WHAT IS REQUIRED
Please reproduce the entries in full. Keep every character the same.
Start of Block
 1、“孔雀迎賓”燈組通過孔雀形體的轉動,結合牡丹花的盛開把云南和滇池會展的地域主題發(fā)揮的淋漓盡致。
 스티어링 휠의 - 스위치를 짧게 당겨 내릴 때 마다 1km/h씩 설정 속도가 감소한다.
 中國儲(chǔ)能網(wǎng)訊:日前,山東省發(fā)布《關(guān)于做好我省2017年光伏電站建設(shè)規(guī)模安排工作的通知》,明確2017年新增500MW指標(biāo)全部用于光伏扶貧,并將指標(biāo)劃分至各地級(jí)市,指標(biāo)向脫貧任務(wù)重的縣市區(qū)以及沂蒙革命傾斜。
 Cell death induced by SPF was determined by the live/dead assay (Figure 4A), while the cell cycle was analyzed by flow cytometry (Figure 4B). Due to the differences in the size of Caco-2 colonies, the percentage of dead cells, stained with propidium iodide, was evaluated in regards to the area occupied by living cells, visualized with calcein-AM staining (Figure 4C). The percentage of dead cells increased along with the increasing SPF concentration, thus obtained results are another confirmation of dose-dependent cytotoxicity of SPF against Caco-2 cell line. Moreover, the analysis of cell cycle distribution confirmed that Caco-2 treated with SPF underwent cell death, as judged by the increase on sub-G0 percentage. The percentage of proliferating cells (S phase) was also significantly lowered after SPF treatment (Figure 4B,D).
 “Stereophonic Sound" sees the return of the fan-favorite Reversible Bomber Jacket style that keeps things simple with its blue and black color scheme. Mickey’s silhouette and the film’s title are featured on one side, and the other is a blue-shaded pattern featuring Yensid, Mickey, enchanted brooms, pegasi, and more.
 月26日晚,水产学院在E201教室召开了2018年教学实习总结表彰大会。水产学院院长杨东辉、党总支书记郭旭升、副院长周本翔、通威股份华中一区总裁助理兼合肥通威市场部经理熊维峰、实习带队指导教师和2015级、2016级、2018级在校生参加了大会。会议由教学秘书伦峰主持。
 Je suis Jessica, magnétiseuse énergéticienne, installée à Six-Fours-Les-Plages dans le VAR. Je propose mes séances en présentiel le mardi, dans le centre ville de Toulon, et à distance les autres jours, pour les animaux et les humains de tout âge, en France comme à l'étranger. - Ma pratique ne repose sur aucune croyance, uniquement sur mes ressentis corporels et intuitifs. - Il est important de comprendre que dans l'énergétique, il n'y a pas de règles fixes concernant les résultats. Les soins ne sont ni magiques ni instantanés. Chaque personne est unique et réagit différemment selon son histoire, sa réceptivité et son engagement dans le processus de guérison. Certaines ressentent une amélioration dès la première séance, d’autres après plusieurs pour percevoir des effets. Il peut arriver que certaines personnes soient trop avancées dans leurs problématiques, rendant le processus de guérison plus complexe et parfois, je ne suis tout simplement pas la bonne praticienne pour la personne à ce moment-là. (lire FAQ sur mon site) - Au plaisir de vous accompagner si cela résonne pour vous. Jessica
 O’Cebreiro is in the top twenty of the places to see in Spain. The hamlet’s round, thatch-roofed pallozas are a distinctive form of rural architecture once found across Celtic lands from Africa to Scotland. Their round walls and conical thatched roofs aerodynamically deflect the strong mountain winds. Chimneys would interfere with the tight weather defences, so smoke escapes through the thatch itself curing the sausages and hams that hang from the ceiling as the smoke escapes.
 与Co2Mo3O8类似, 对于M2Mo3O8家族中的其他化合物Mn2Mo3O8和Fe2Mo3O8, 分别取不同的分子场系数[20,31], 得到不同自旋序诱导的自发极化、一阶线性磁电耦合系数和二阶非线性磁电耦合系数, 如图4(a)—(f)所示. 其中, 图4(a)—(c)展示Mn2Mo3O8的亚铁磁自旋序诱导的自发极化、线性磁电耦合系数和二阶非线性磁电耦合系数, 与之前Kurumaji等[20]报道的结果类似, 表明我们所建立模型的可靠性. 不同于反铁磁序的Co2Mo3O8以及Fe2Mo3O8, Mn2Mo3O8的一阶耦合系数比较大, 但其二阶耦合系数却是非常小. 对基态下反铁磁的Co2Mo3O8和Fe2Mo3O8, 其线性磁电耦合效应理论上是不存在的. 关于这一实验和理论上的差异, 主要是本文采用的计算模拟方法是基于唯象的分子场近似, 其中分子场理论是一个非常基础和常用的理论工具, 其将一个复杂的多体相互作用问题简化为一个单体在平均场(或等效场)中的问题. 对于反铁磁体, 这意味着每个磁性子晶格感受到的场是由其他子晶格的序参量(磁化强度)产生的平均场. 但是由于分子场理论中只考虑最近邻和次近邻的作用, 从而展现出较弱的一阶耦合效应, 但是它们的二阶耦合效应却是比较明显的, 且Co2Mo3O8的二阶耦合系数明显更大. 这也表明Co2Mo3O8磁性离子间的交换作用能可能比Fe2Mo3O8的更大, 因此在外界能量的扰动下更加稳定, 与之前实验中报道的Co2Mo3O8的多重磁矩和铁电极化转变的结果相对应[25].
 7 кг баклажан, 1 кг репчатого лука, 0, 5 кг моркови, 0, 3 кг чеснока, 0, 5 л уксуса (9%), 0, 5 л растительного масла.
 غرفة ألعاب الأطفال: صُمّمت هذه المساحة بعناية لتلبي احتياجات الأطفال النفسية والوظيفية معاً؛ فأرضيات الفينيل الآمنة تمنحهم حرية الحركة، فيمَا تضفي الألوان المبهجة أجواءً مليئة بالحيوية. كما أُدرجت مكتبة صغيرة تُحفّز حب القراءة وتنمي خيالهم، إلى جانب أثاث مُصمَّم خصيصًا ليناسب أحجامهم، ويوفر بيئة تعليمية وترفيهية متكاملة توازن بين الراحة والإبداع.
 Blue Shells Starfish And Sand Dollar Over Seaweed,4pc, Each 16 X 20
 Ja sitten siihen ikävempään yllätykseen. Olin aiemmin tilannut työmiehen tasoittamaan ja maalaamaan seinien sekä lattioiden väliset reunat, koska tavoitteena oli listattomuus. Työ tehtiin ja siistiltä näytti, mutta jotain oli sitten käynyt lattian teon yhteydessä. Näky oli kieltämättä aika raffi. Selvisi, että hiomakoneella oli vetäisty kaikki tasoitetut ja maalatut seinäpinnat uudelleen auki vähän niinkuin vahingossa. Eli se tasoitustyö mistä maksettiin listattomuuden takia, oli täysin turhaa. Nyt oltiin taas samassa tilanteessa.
End of Block
COMPLETED TASK
 1、“孔雀迎賓”燈組通過孔雀形體的轉動,結合牡丹花的盛開把云南和滇池會展的地域主題發(fā)揮的淋漓盡致。
 스티어링 휠의 - 스위치를 짧게 당겨 내릴 때 마다 1km/h씩 설정 속도가 감소한다.
 中國儲(chǔ)能網(wǎng)訊:日前,山東省發(fā)布《關(guān)于做好我省2017年光伏電站建設(shè)規(guī)模安排工作的通知》,明確2017年新增500MW指標(biāo)全部用于光伏扶貧,并將指標(biāo)劃分至各地級(jí)市,指標(biāo)向脫貧任務(wù)重的縣市區(qū)以及沂蒙革命傾斜。
 Cell death induced by SPF was determined by the live/dead assay (Figure 4A), while the cell cycle was analyzed by flow cytometry (Figure 4B). Due to the differences in the size of Caco-2 colonies, the percentage of dead cells, stained with propidium iodide, was evaluated in regards to the area occupied by living cells, visualized with calcein-AM staining (Figure 4C). The percentage of dead cells increased along with the increasing SPF concentration, thus obtained results are another confirmation of dose-dependent cytotoxicity of SPF against Caco-2 cell line. Moreover, the analysis of cell cycle distribution confirmed that Caco-2 treated with SPF underwent cell death, as judged by the increase on sub-G0 percentage. The percentage of proliferating cells (S phase) was also significantly lowered after SPF treatment (Figure 4B,D).
 “Stereophonic Sound" sees the return of the fan-favorite Reversible Bomber Jacket style that keeps things simple with its blue and black color scheme. Mickey’s silhouette and the film’s title are featured on one side, and the other is a blue-shaded pattern featuring Yensid, Mickey, enchanted brooms, pegasi, and more.
 月26日晚,水产学院在E201教室召开了2018年教学实习总结表彰大会。水产学院院长杨东辉、党总支书记郭旭升、副院长周本翔、通威股份华中一区总裁助理兼合肥通威市场部经理熊维峰、实习带队指导教师和2015级、2016级、2018级在校生参加了大会。会议由教学秘书伦峰主持。
 Je suis Jessica, magnétiseuse énergéticienne, installée à Six-Fours-Les-Plages dans le VAR. Je propose mes séances en présentiel le mardi, dans le centre ville de Toulon, et à distance les autres jours, pour les animaux et les humains de tout âge, en France comme à l'étranger. - Ma pratique ne repose sur aucune croyance, uniquement sur mes ressentis corporels et intuitifs. - Il est important de comprendre que dans l'énergétique, il n'y a pas de règles fixes concernant les résultats. Les soins ne sont ni magiques ni instantanés. Chaque personne est unique et réagit différemment selon son histoire, sa réceptivité et son engagement dans le processus de guérison. Certaines ressentent une amélioration dès la première séance, d’autres après plusieurs pour percevoir des effets. Il peut arriver que certaines personnes soient trop avancées dans leurs problématiques, rendant le processus de guérison plus complexe et parfois, je ne suis tout simplement pas la bonne praticienne pour la personne à ce moment-là. (lire FAQ sur mon site) - Au plaisir de vous accompagner si cela résonne pour vous. Jessica
 O’Cebreiro is in the top twenty of the places to see in Spain. The hamlet’s round, thatch-roofed pallozas are a distinctive form of rural architecture once found across Celtic lands from Africa to Scotland. Their round walls and conical thatched roofs aerodynamically deflect the strong mountain winds. Chimneys would interfere with the tight weather defences, so smoke escapes through the thatch itself curing the sausages and hams that hang from the ceiling as the smoke escapes.
 与Co2Mo3O8类似, 对于M2Mo3O8家族中的其他化合物Mn2Mo3O8和Fe2Mo3O8, 分别取不同的分子场系数[20,31], 得到不同自旋序诱导的自发极化、一阶线性磁电耦合系数和二阶非线性磁电耦合系数, 如图4(a)—(f)所示. 其中, 图4(a)—(c)展示Mn2Mo3O8的亚铁磁自旋序诱导的自发极化、线性磁电耦合系数和二阶非线性磁电耦合系数, 与之前Kurumaji等[20]报道的结果类似, 表明我们所建立模型的可靠性. 不同于反铁磁序的Co2Mo3O8以及Fe2Mo3O8, Mn2Mo3O8的一阶耦合系数比较大, 但其二阶耦合系数却是非常小. 对基态下反铁磁的Co2Mo3O8和Fe2Mo3O8, 其线性磁电耦合效应理论上是不存在的. 关于这一实验和理论上的差异, 主要是本文采用的计算模拟方法是基于唯象的分子场近似, 其中分子场理论是一个非常基础和常用的理论工具, 其将一个复杂的多体相互作用问题简化为一个单体在平均场(或等效场)中的问题. 对于反铁磁体, 这意味着每个磁性子晶格感受到的场是由其他子晶格的序参量(磁化强度)产生的平均场. 但是由于分子场理论中只考虑最近邻和次近邻的作用, 从而展现出较弱的一阶耦合效应, 但是它们的二阶耦合效应却是比较明显的, 且Co2Mo3O8的二阶耦合系数明显更大. 这也表明Co2Mo3O8磁性离子间的交换作用能可能比Fe2Mo3O8的更大, 因此在外界能量的扰动下更加稳定, 与之前实验中报道的Co2Mo3O8的多重磁矩和铁电极化转变的结果相对应[25].
 7 кг баклажан, 1 кг репчатого лука, 0, 5 кг моркови, 0, 3 кг чеснока, 0, 5 л уксуса (9%), 0, 5 л растительного масла.
 غرفة ألعاب الأطفال: صُمّمت هذه المساحة بعناية لتلبي احتياجات الأطفال النفسية والوظيفية معاً؛ فأرضيات الفينيل الآمنة تمنحهم حرية الحركة، فيمَا تضفي الألوان المبهجة أجواءً مليئة بالحيوية. كما أُدرجت مكتبة صغيرة تُحفّز حب القراءة وتنمي خيالهم، إلى جانب أثاث مُصمَّم خصيصًا ليناسب أحجامهم، ويوفر بيئة تعليمية وترفيهية متكاملة توازن بين الراحة والإبداع.
 Blue Shells Starfish And Sand Dollar Over Seaweed,4pc, Each 16 X 20
 Ja sitten siihen ikävempään yllätykseen. Olin aiemmin tilannut työmiehen tasoittamaan ja maalaamaan seinien sekä lattioiden väliset reunat, koska tavoitteena oli listattomuus. Työ tehtiin ja siistiltä näytti, mutta jotain oli sitten käynyt lattian teon yhteydessä. Näky oli kieltämättä aika raffi. Selvisi, että hiomakoneella oli vetäisty kaikki tasoitetut ja maalatut seinäpinnat uudelleen auki vähän niinkuin vahingossa. Eli se tasoitustyö mistä maksettiin listattomuuden takia, oli täysin turhaa. Nyt oltiin taas samassa tilanteessa.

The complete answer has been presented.